DATA SECTION:
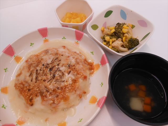 ミートソースドリア、ブロッコリーサラダ、黄桃、コンソメスープ
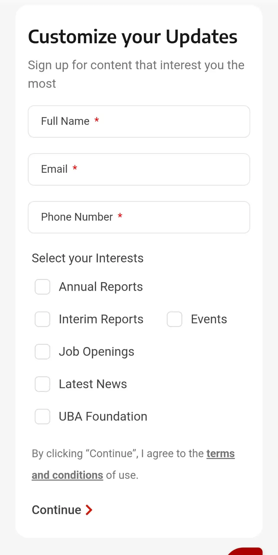 • if bank recruitment is currently closed, scroll down to the section “customize your updates” and fill in your name and email and choose interest “Job Openings” and click on “continue” to complete your submission so that you will receive and Email immediately the bank job application form is available ✅.
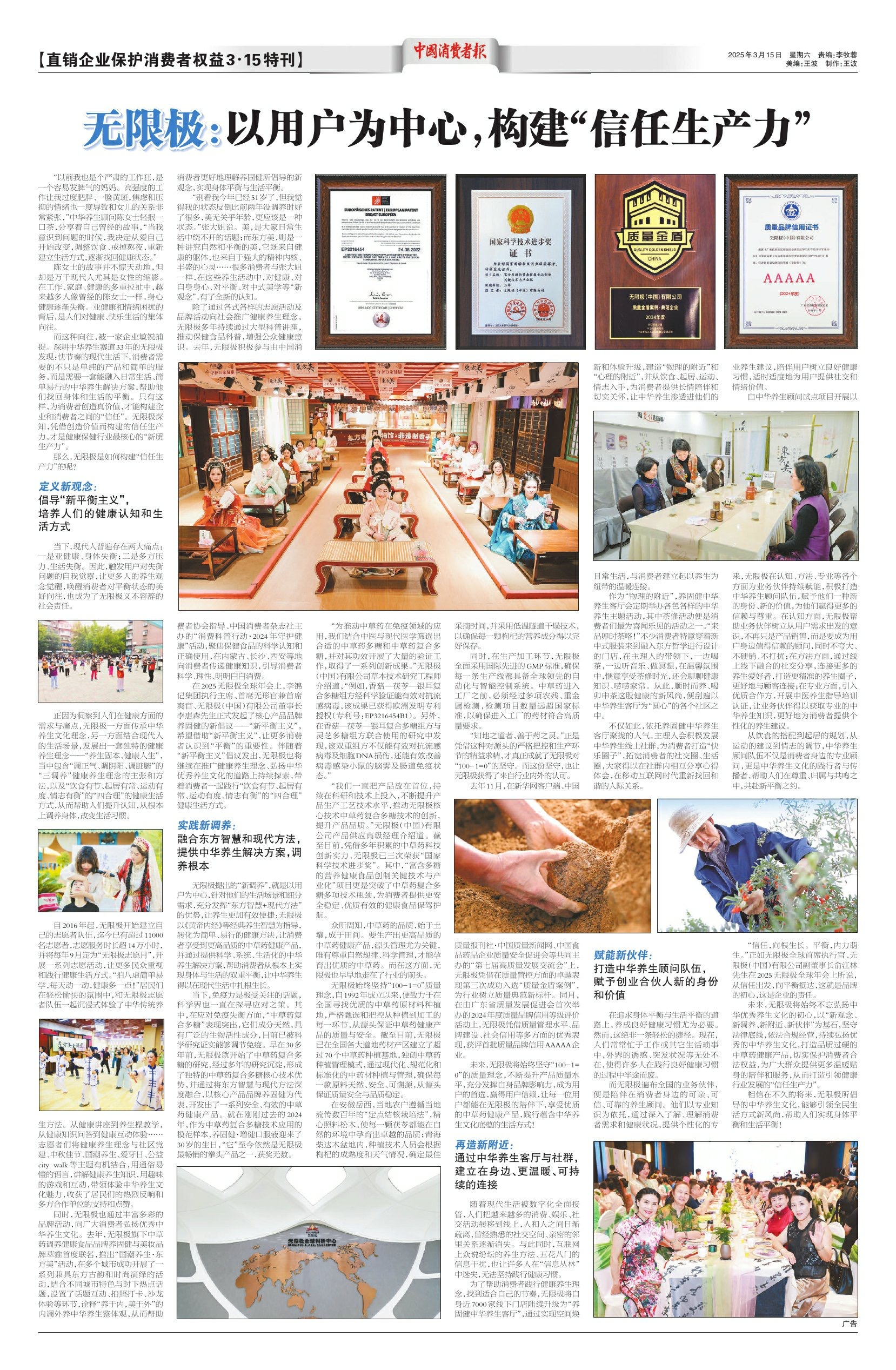 3月15日,中国消费者报推出了2025年度《直销企业保护消费者权益3·15特刊》,向广大消费者介绍直销企业保护消费者合法权益、诚信规范经营的事迹。其中,以《无限极:以用户为中心,构建“信任生产力”》为题,对无限极进行了整版长篇报道。
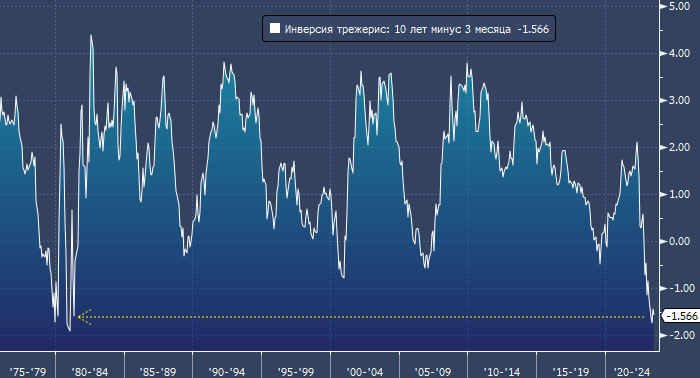 В последние 50 лет подобные инверсии кривой практически неизбежно предвещали рецессии в США. Причем, чем более масштабной была инверсия, тем более глубокой — рецессия.
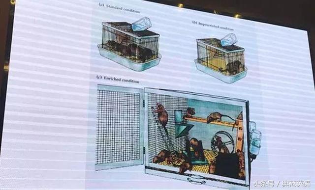 在加州的时候,洪兰曾亲身参与了一个实验:把1只老鼠关在笼子B,同时笼子里有很多玩具,2只老鼠关在笼子A,10只老鼠关在笼子C。实验结果显示,有很多玩具却没有玩伴的那只老鼠大脑神经里的连接很稀少,有同伴的老鼠却很多;而且笼子A中的2只老鼠和笼子C中的10只老鼠的脑部神经并没有任何区别。
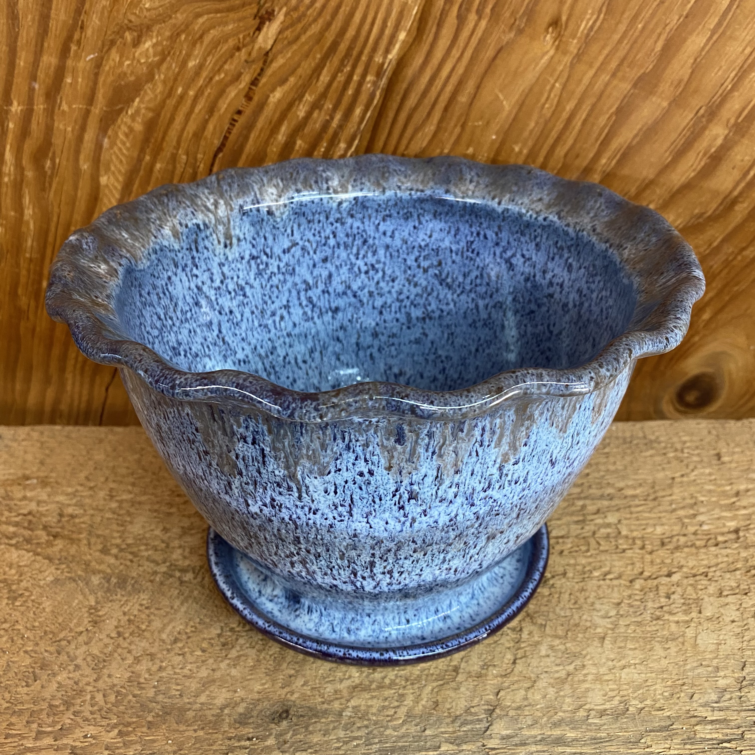 Showcase your favorite houseplant or grow your favorite seasoning herb in this lovely planter with drip pan. This is a large one that measures approximately 8 1/2″ wide x 5 1/2″ tall. Glazed in shades of blues with purple on a deep purple under glaze. Glaze design may vary slightly from the one pictured.
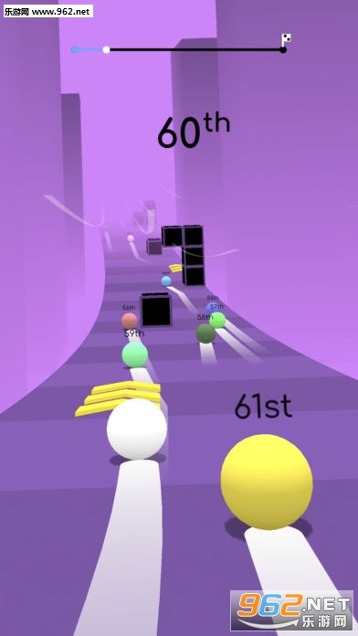 3、让小球不断冲破障碍,路上的道具会使你跑得更快;
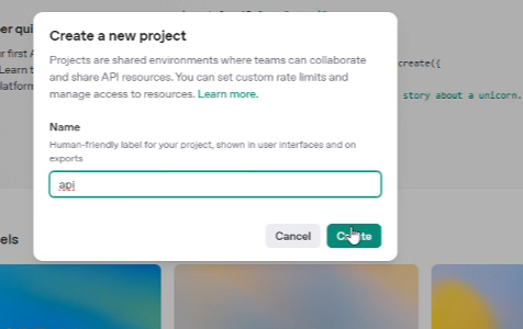 4. [Create a new project] 팝업창에 새 프로젝트 이름을 입력한다.
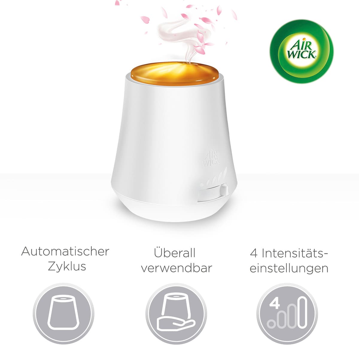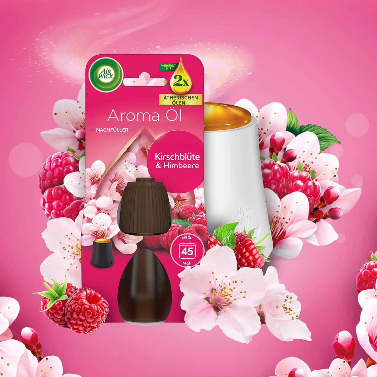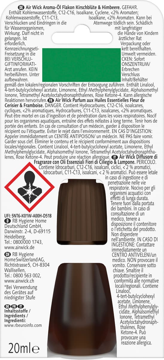 Air Wick Aroma-Öl Flakon Kirschblüte & Himbeere - Lassen Sie sich verzaubern von dem aromatischen Duft von Kirschblüten, roten Früchten und einen Hauch von Sandelholz in jedes Zuhause. Der elegante Air Wick Aroma-Öl Diffuser sorgt für ein noch nie dagewesenes Dufterlebnis. Der batteriebetriebene Diffuser verwandelt 2x ätherische Öle automatisch in einen angenehmen, feinen Duftnebel. Zeitintervalle und Duftintensität lassen sich dabei individuell regulieren. Das Gerät verfügt außerdem über einen Stand-by-Modus - nach 8 Stunden Laufzeit schaltet sich das Gerät für 16 Stunden in den Stand-by-Modus und startet danach automatisch wieder von vorne. Die Aroma-Öl Flakons sind in verschiedenen Düften erhältlich und bieten bis zu 45 Tage lang ein authentisches, hochwertiges Dufterlebnis. Vor Gebrauch stets Kennzeichnung und Produktinformation lesen. www.rbeuroinfo.com
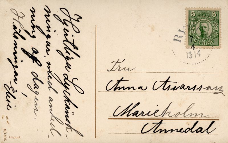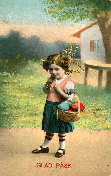 Brevkort adresserat till Anna Assarsson, Marieholm, Annedal.Daterat och poststämplat den 07 / 04 / 1914.Bild: En flicka med korg full med påskägg.
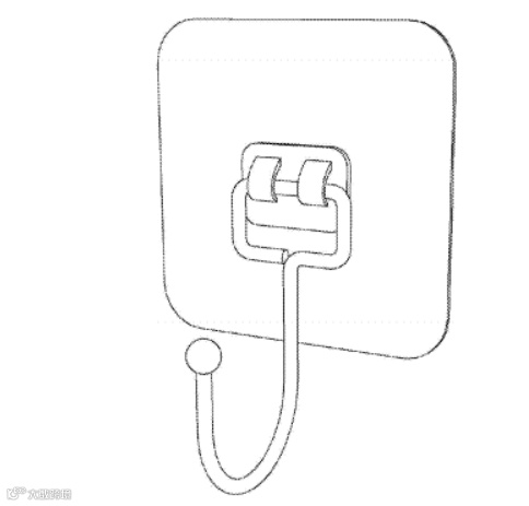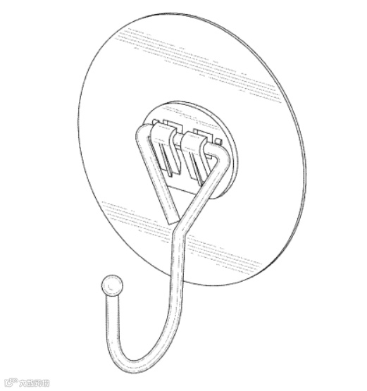 从其设计图可以看到,该产品的设计风格较为简易:一块边角圆滑的四方形粘贴板,中间是一个圆形的固定板,挂钩则是从中间分开成了两股。如下图所示:

ABOUT THIS EXERCISE:
Retype the data above exactly; pictures are not part of the copy.

RESPONSE AREA:
 ミートソースドリア、ブロッコリーサラダ、黄桃、コンソメスープ
 • if bank recruitment is currently closed, scroll down to the section “customize your updates” and fill in your name and email and choose interest “Job Openings” and click on “continue” to complete your submission so that you will receive and Email immediately the bank job application form is available ✅.
 3月15日,中国消费者报推出了2025年度《直销企业保护消费者权益3·15特刊》,向广大消费者介绍直销企业保护消费者合法权益、诚信规范经营的事迹。其中,以《无限极:以用户为中心,构建“信任生产力”》为题,对无限极进行了整版长篇报道。
 В последние 50 лет подобные инверсии кривой практически неизбежно предвещали рецессии в США. Причем, чем более масштабной была инверсия, тем более глубокой — рецессия.
 在加州的时候,洪兰曾亲身参与了一个实验:把1只老鼠关在笼子B,同时笼子里有很多玩具,2只老鼠关在笼子A,10只老鼠关在笼子C。实验结果显示,有很多玩具却没有玩伴的那只老鼠大脑神经里的连接很稀少,有同伴的老鼠却很多;而且笼子A中的2只老鼠和笼子C中的10只老鼠的脑部神经并没有任何区别。
 Showcase your favorite houseplant or grow your favorite seasoning herb in this lovely planter with drip pan. This is a large one that measures approximately 8 1/2″ wide x 5 1/2″ tall. Glazed in shades of blues with purple on a deep purple under glaze. Glaze design may vary slightly from the one pictured.
 3、让小球不断冲破障碍,路上的道具会使你跑得更快;
 4. [Create a new project] 팝업창에 새 프로젝트 이름을 입력한다.
 Air Wick Aroma-Öl Flakon Kirschblüte & Himbeere - Lassen Sie sich verzaubern von dem aromatischen Duft von Kirschblüten, roten Früchten und einen Hauch von Sandelholz in jedes Zuhause. Der elegante Air Wick Aroma-Öl Diffuser sorgt für ein noch nie dagewesenes Dufterlebnis. Der batteriebetriebene Diffuser verwandelt 2x ätherische Öle automatisch in einen angenehmen, feinen Duftnebel. Zeitintervalle und Duftintensität lassen sich dabei individuell regulieren. Das Gerät verfügt außerdem über einen Stand-by-Modus - nach 8 Stunden Laufzeit schaltet sich das Gerät für 16 Stunden in den Stand-by-Modus und startet danach automatisch wieder von vorne. Die Aroma-Öl Flakons sind in verschiedenen Düften erhältlich und bieten bis zu 45 Tage lang ein authentisches, hochwertiges Dufterlebnis. Vor Gebrauch stets Kennzeichnung und Produktinformation lesen. www.rbeuroinfo.com
 Brevkort adresserat till Anna Assarsson, Marieholm, Annedal.Daterat och poststämplat den 07 / 04 / 1914.Bild: En flicka med korg full med påskägg.
 从其设计图可以看到,该产品的设计风格较为简易:一块边角圆滑的四方形粘贴板,中间是一个圆形的固定板,挂钩则是从中间分开成了两股。如下图所示:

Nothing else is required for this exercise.